What the task requires:
Leave the pictures out. Retype exactly the lines below from the one containing "Bølling(ハンス・ブリング)**は、木でアヒルの親子を表現。そうして生まれたのが「Duck & Duckling」です。" through the one containing "- Stable under", and no others.

----

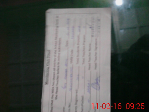 | School Visited by School Health & Nutrition Supervisor (No. of Visits) | 1 | Name1: | RANA IQBAL | Name2: | NIL |
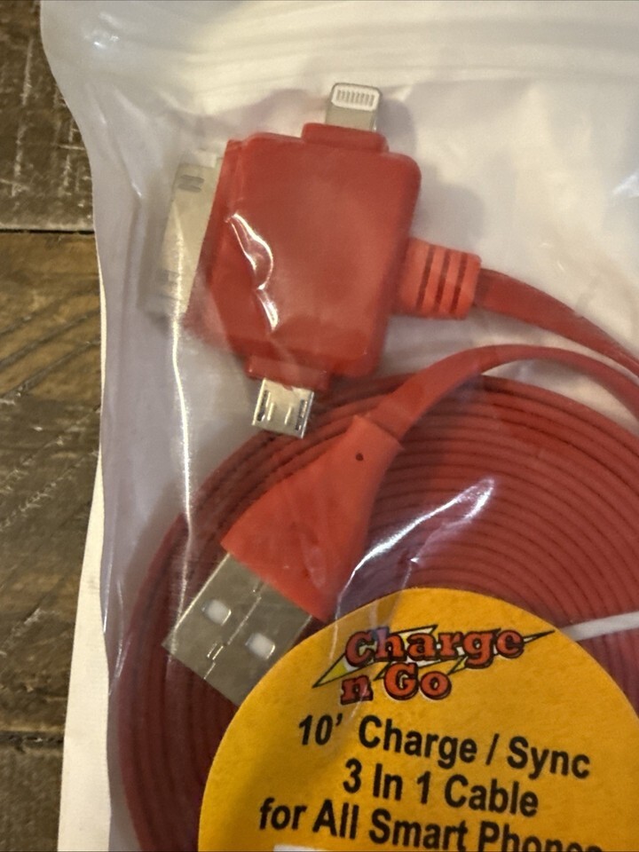 - Charge N Go 10’ Charge/Sync Cable For Smart Phones
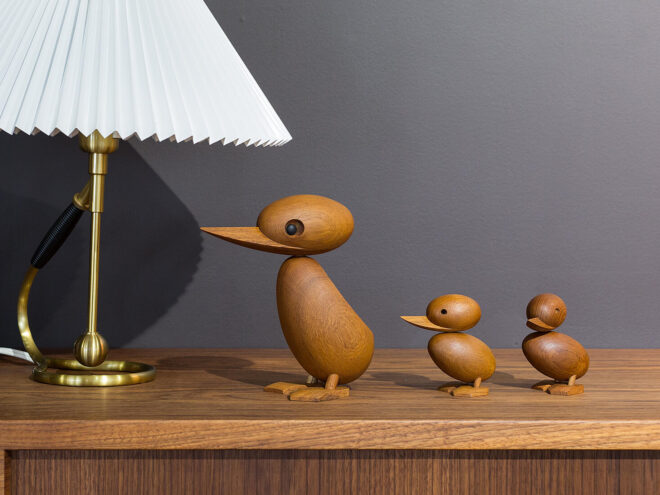 このエピソードに感銘を受けたデザイナー、**Hans Bølling(ハンス・ブリング)**は、木でアヒルの親子を表現。そうして生まれたのが「Duck & Duckling」です。
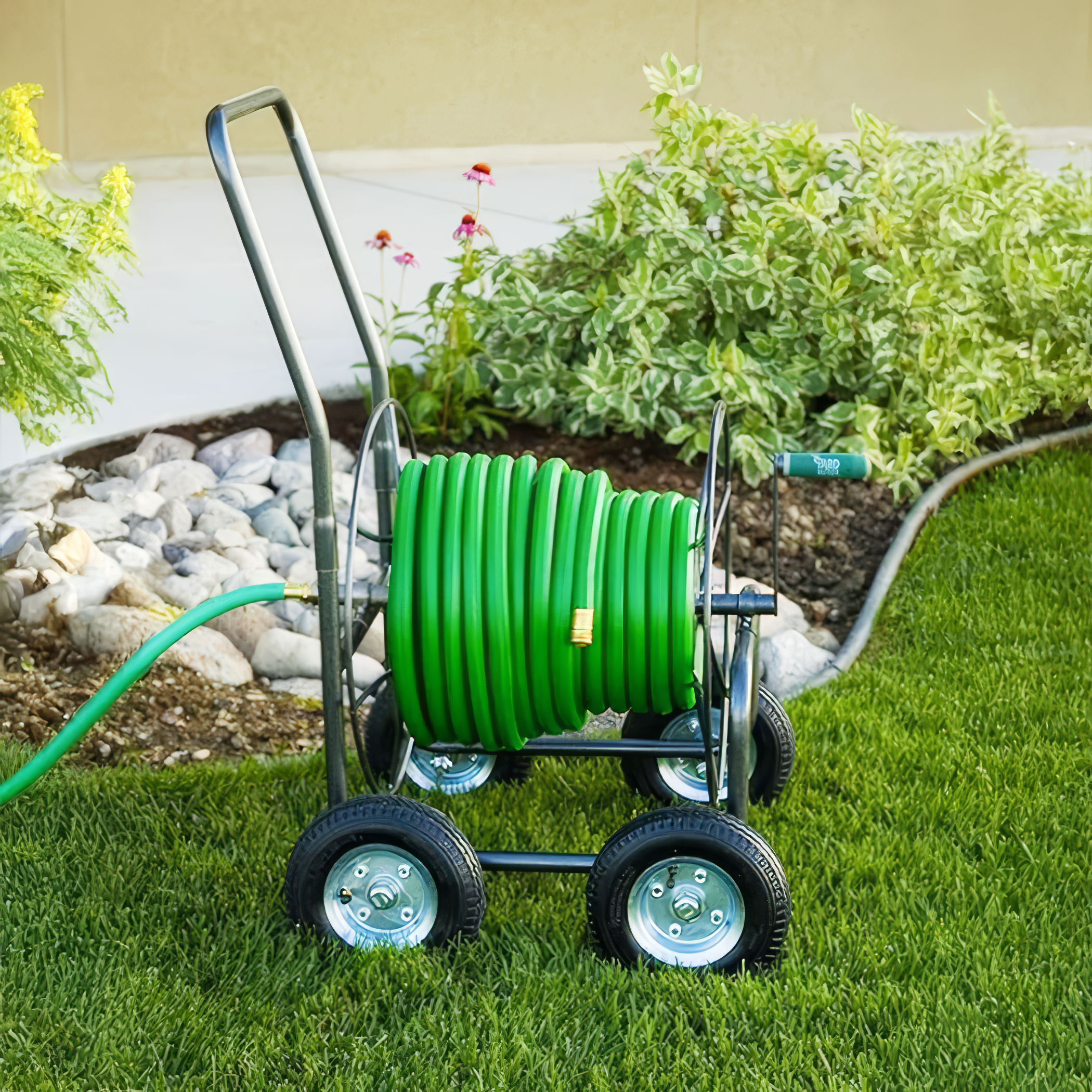 - Stable under load: Heavy-gauge steel frame and solid, flat-free tires support water-filled hose weight
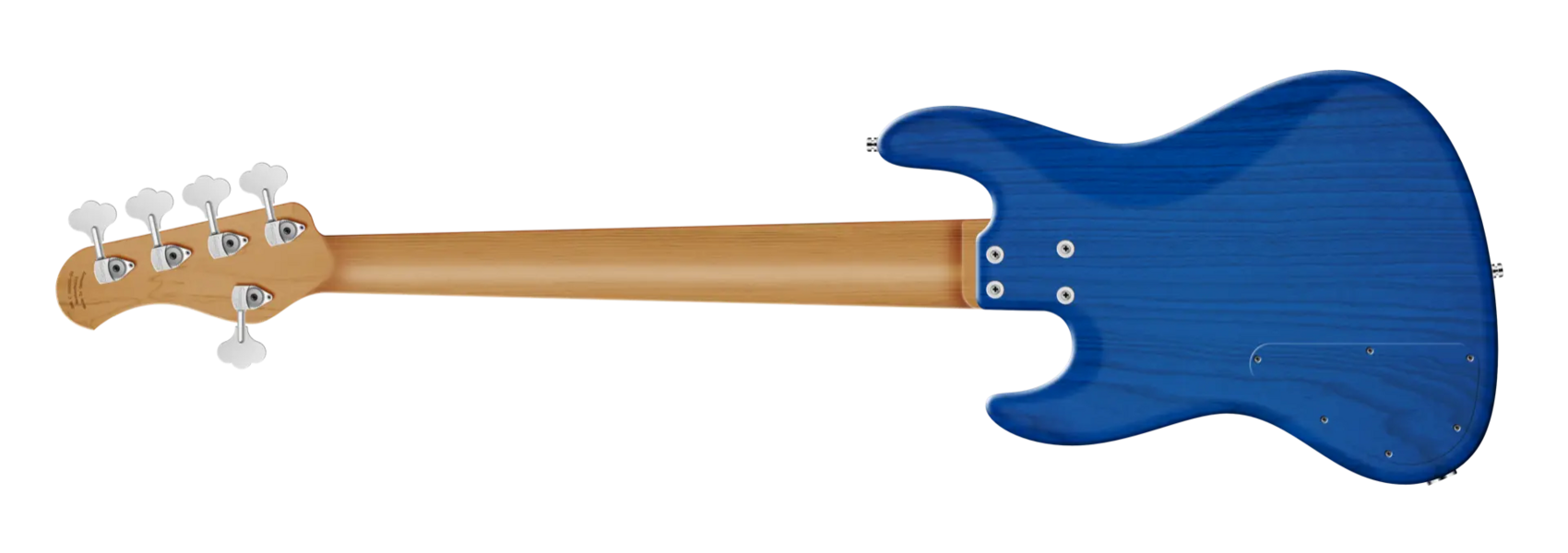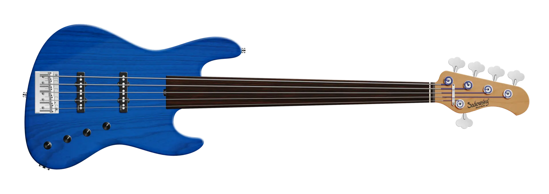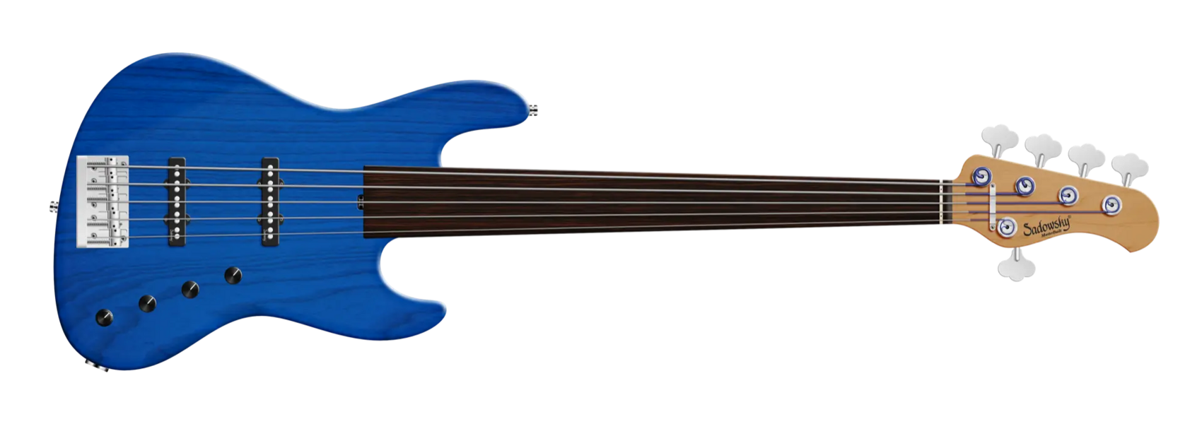 The Sadowsky MasterBuilt 21-Fret Standard J/J bass not only looks great, it also plays and sounds fantastic! Fitted with the famous Sadowsky electronics, you get that special Sadowsky tone: Never harsh or shrill sounding, with strong, powerful (but never muddy!) bass, mids that are present while not too aggressive, and a sweet and airy treble range. This 5-string fretless version has a sleek, undersized J-Style body made of chambered American Swamp Ash that is finished in an Ocean Blue Transparent Satin finish. The satin-finished neck is made of Roasted American Maple and has a Tigerstripe Ebony fingerboard. Special features of this bass include two hum-cancelling Sadowsky J-Style pickups, active electronics with true bypass, treble and bass boost and Vintage Tone Control. It also features light open gear Sadowsky tuners and a Sadowsky Quick String Release Bridge. Made exclusively in our workshop in Germany, this bass weighs never more than 8.4 lbs (3.8 kg). A great choice for bass players looking for a beautiful and lightweight bass that offers a modern bass sound.

----

Written solution:
 このエピソードに感銘を受けたデザイナー、**Hans Bølling(ハンス・ブリング)**は、木でアヒルの親子を表現。そうして生まれたのが「Duck & Duckling」です。
 - Stable under load: Heavy-gauge steel frame and solid, flat-free tires support water-filled hose weight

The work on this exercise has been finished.